• _Problem_: Wherever the listing holds a picture, leave it out, and copy the remainder exactly.

• _Given material_:
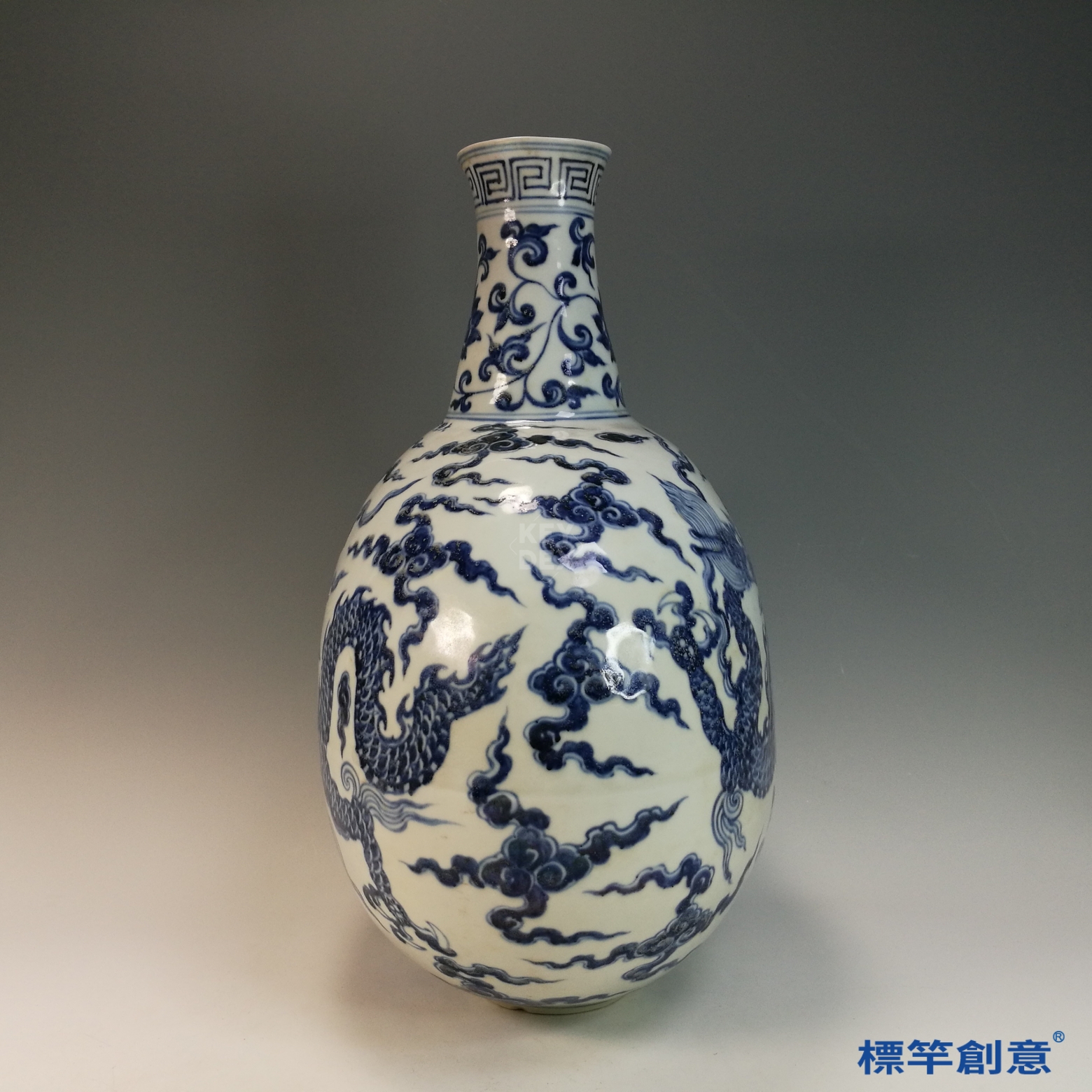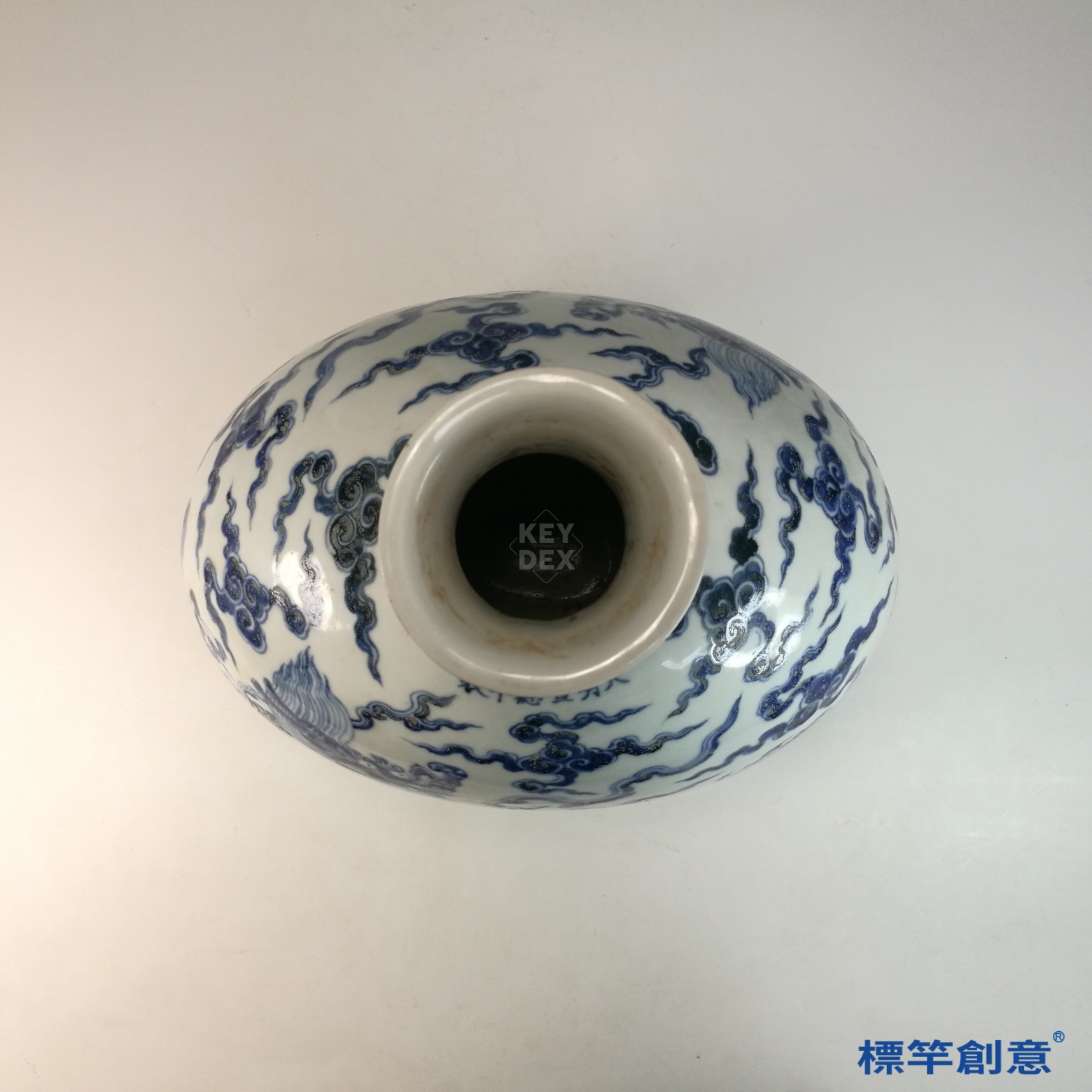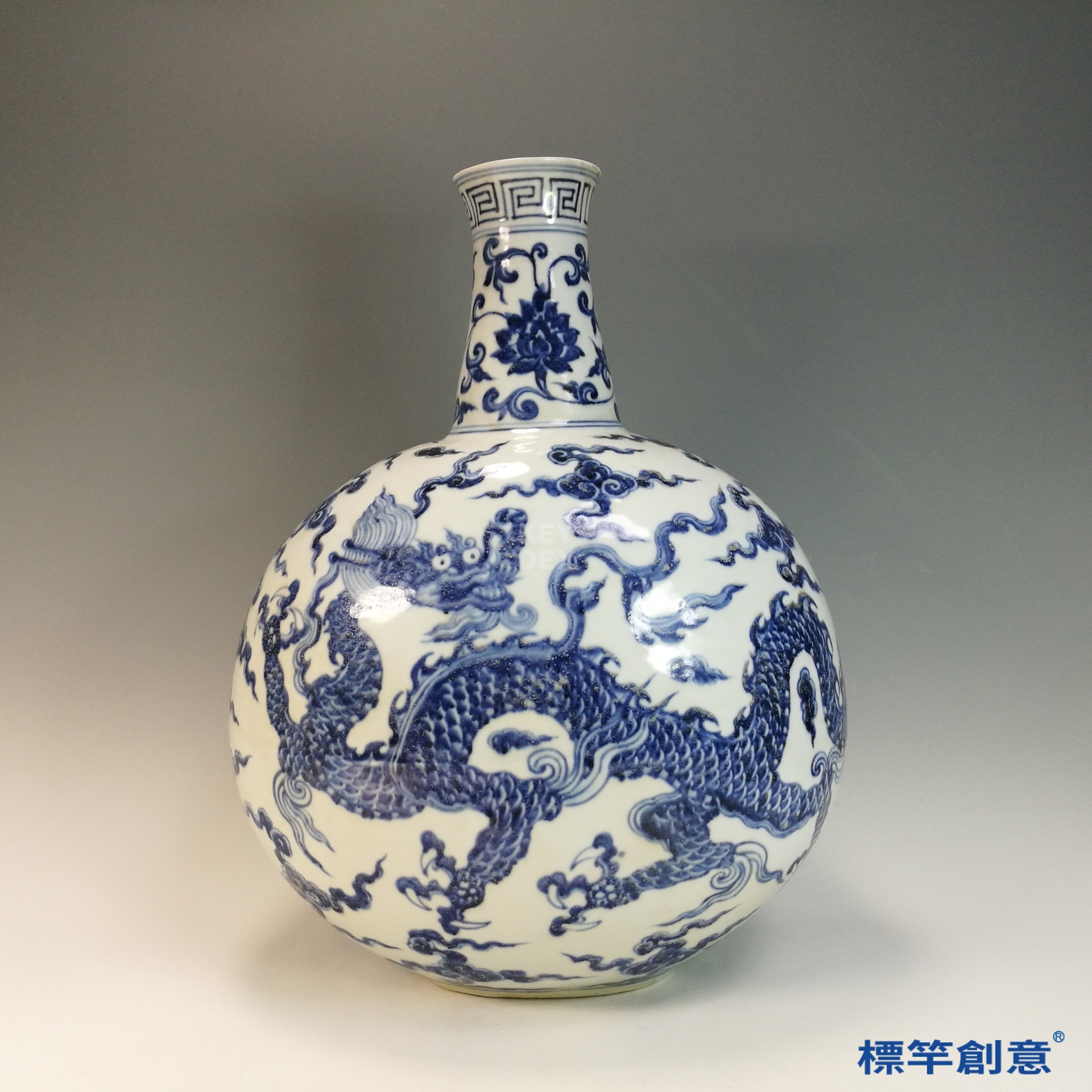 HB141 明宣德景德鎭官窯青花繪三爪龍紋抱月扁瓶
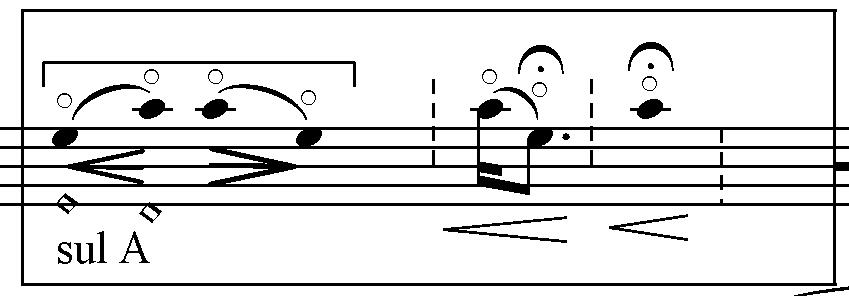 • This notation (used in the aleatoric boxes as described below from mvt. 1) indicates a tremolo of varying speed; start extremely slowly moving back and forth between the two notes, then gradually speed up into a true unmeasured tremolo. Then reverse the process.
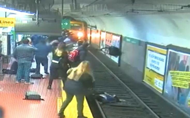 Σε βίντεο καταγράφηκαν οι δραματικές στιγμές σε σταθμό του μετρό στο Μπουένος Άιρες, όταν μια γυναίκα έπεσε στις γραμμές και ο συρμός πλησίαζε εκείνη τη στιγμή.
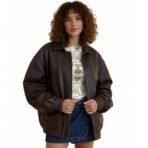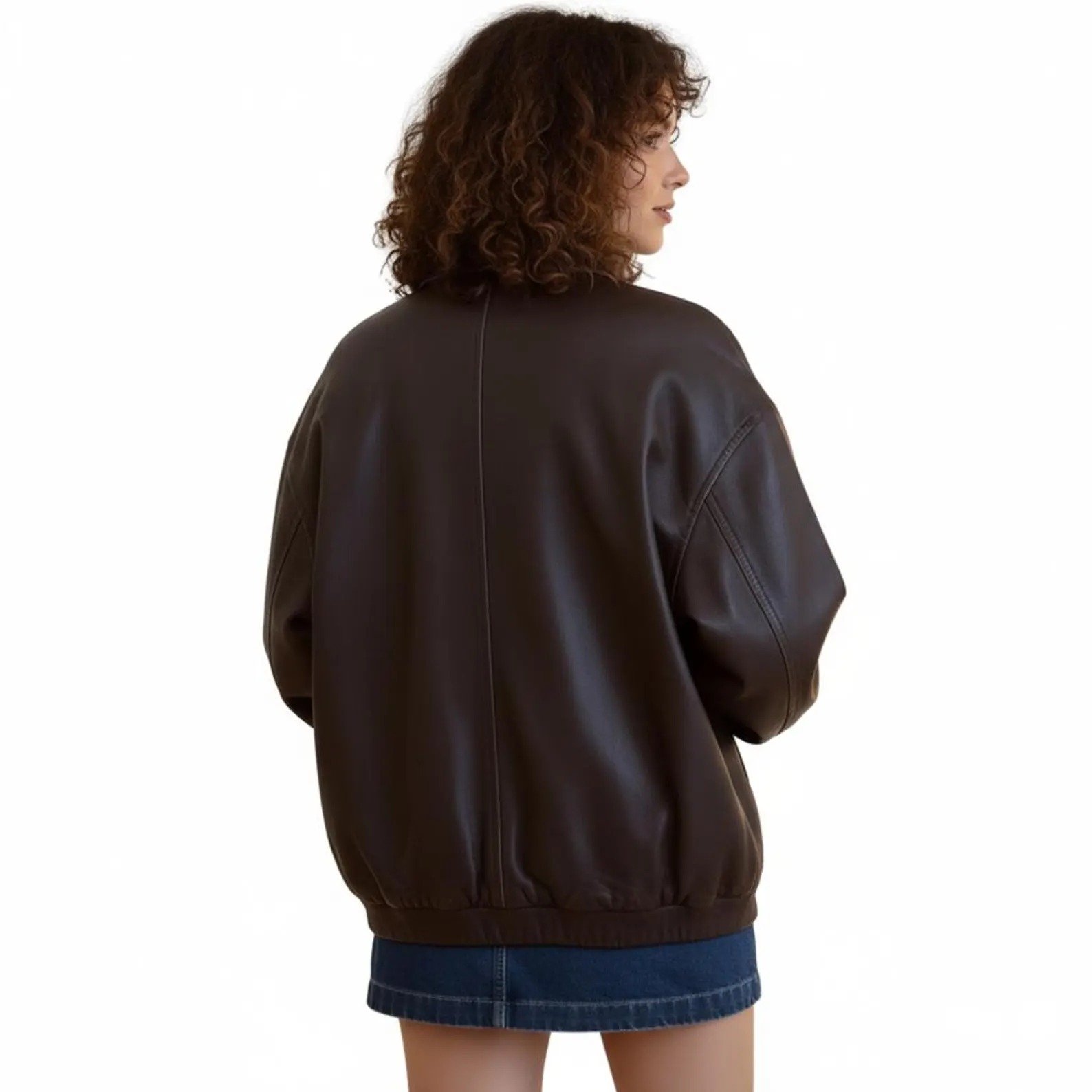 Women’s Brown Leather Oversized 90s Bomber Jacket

• _Reply to the exercise_:
 HB141 明宣德景德鎭官窯青花繪三爪龍紋抱月扁瓶
 • This notation (used in the aleatoric boxes as described below from mvt. 1) indicates a tremolo of varying speed; start extremely slowly moving back and forth between the two notes, then gradually speed up into a true unmeasured tremolo. Then reverse the process.
 Σε βίντεο καταγράφηκαν οι δραματικές στιγμές σε σταθμό του μετρό στο Μπουένος Άιρες, όταν μια γυναίκα έπεσε στις γραμμές και ο συρμός πλησίαζε εκείνη τη στιγμή.
 Women’s Brown Leather Oversized 90s Bomber Jacket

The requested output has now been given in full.